Thursday, June 26, 2014

Narrative vs Numbered Symphonies

I just finished listening to four symphonies (nos. 2, 3, 8 and 9) by Philip Glass. The surprising thing to me about this is that he is writing symphonies at all, let alone nine of them. The first time I heard Philip Glass' music was on an LP I bought in the late 1970s from some composers' label and it consisted of strangely additive pieces for solo piano. Much later I owned "Glassworks" which is also for solo piano.


I quite liked that and still do. I was aware of his larger works like Music in 12 Parts:


Which is roughly in the same style as the music from the same time of Steve Reich:


But for quite some time now, Philip Glass has been writing music that is at least partly indebted to the older instrumental forms like the symphony and concerto. He has an interesting way of thinking about them. Having worked a great deal in the realm of theater he thinks of certain kinds of music as having what he calls a "narrative base". In other words there is either some text that offers narrative clues or, in the case of a concerto, the solo instrument is itself a kind of narrator.
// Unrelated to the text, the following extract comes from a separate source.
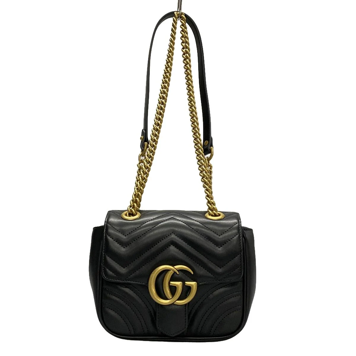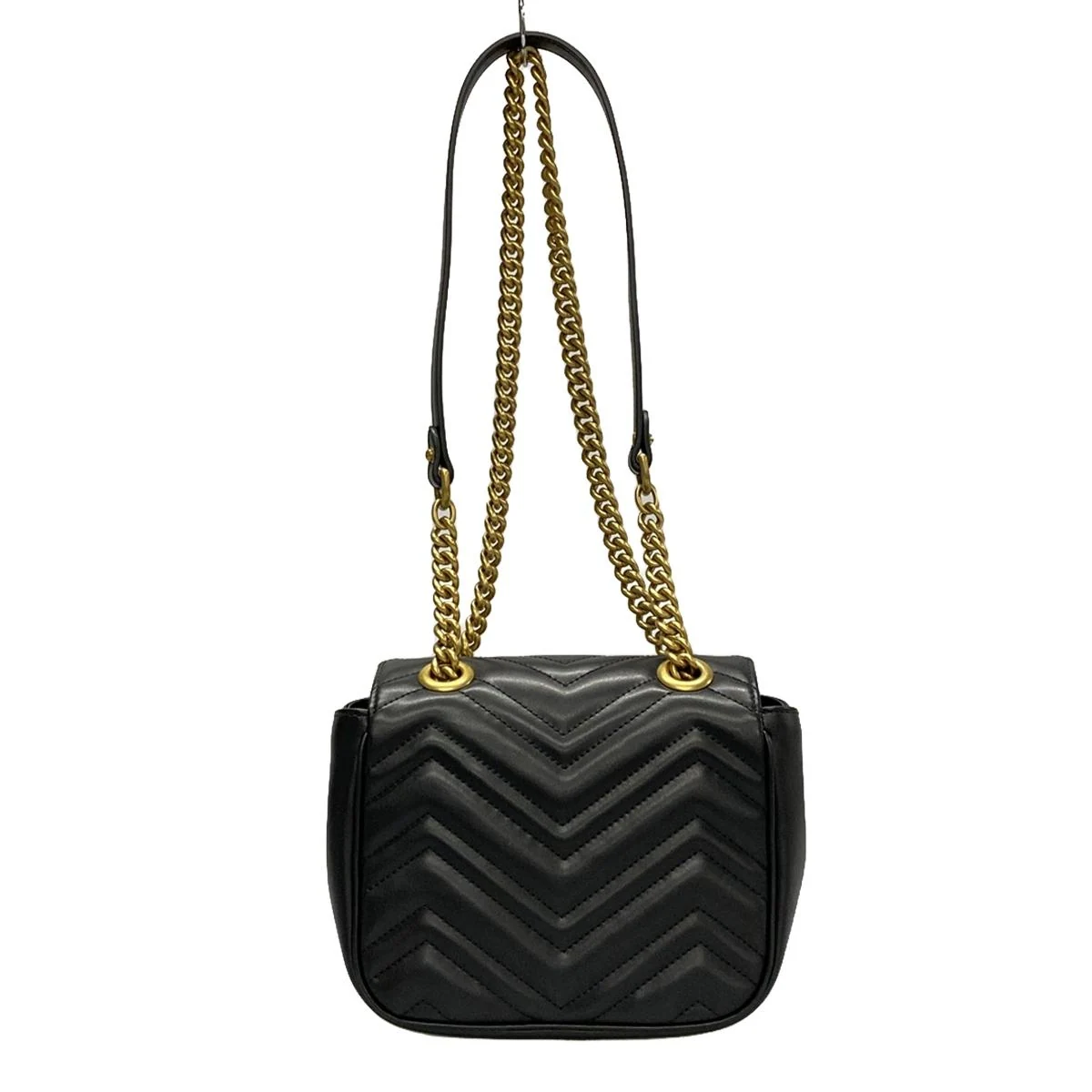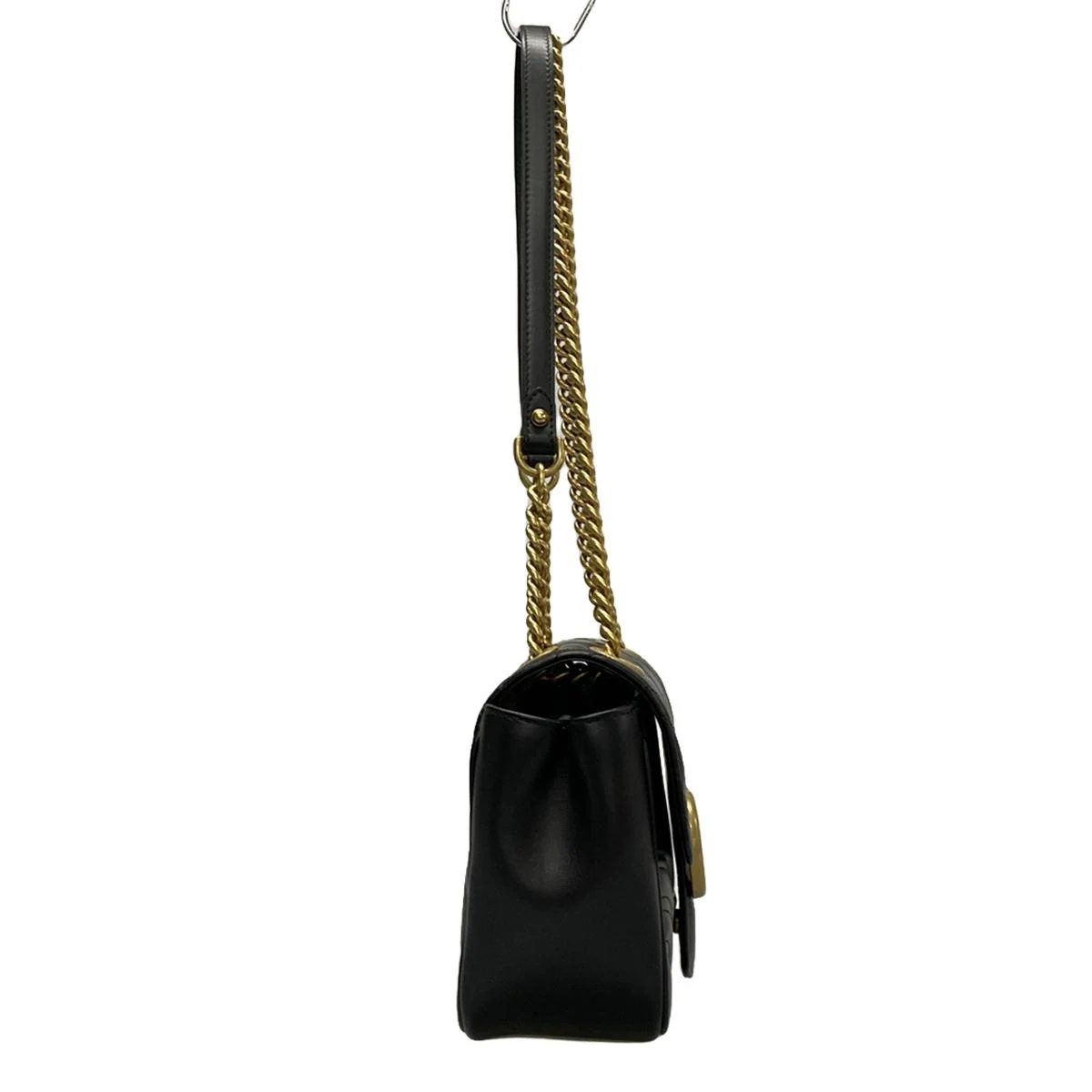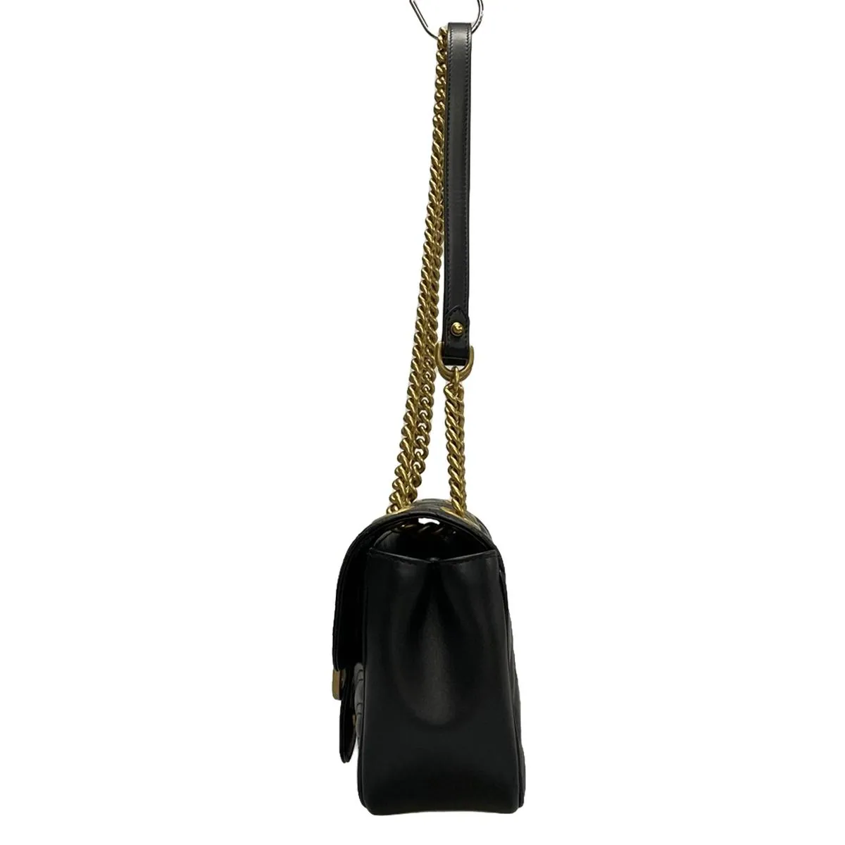 This pre-owned Gucci GG Marmont Black Leather Shoulder Bag is a luxurious addition to your collection.

But the pure symphonic form, what he calls "numbered symphonies" has no narrative base other than "the language of music and the lineage of symphonic writing". [from the liner notes to the recording of the Symphony No. 9 conducted by Dennis Russell Davies.]


It is interesting to me that at this point in his life Philip Glass is so interested in the "lineage of symphonic writing". He relates that he and other students used to spend a lot of time listening to Mahler and Bruckner symphonies when they were undergraduates at the University of Chicago. Steve Reich, on the other hand, seems to have had no interest at any time in this kind of music.

There is certainly a rich lineage of symphonic writing and particularly when it comes to a symphony labeled with the number "9" as this resonates with the last completed symphonies of Beethoven, Bruckner and Mahler. Glass says that he actually had the Mahler 9 more on his mind than the Beethoven 9.

Here is the first movement of the Symphony No. 9 by Philip Glass.


Any symphony with no text and no external references he calls a "numbered symphony" and the lineage is that of the great symphonic writing extending from Haydn right up to the present day, with these symphonies of Philip Glass.

The other category, that of what he calls "narrative" symphonies, would include several other symphonies by Glass, such as his Symphony No. 6 "Plutonian Ode" with text by Allen Ginsberg. Examples by other composer would include the Symphony No. 9 by Beethoven with text by Schiller, but also the Symphony No. 6 by Beethoven, the "Pastoral" because of its programmatic aspect given by the composer. Another like this would be the Symphonie fantastique by Berlioz with its program. I would put "La Mer" by Debussy in this category because of its obvious symphonic nature. There are a host of tone poems that you might argue fall in this category, but it would probably be better to allow them their own category to avoid confusion.

Just for fun, let's have a listen to an older member of this lineage and one with the label "9": the Symphony No. 9 by Joseph Haydn, from very early in his output:


4 comments:

Rickard said...

It's a bit paradoxical that Steve Reich is considered to be more on the classical side, yet doesn't like most previous classical music (i.e. romantic etc.) but Philip Glass on the other hand is considered more on the popular side yet pays more respect to the old masters.

Bryan Townsend said...

Yes! I'm not sure I would have thought of Steve Reich as more 'classical', but his line of progress has been very different from that of Philip Glass. Before I would have said that I much preferred Reich over Glass, but now I am inclined to go the other way.

Rickard said...

Well, I think I read something like that in the Oxford History of Western Music, or maybe it was somewhere else. I understood it as that Philip Glass is more in between classical and popular and has a more "mainstream" appeal than Reich.

Bryan Townsend said...

I think Philip Glass might be seen as more popular because he has done so much work with opera, theater and movie soundtracks. This is inherently more accessible than the often more abstract kinds of composition that Steve Reich is known for.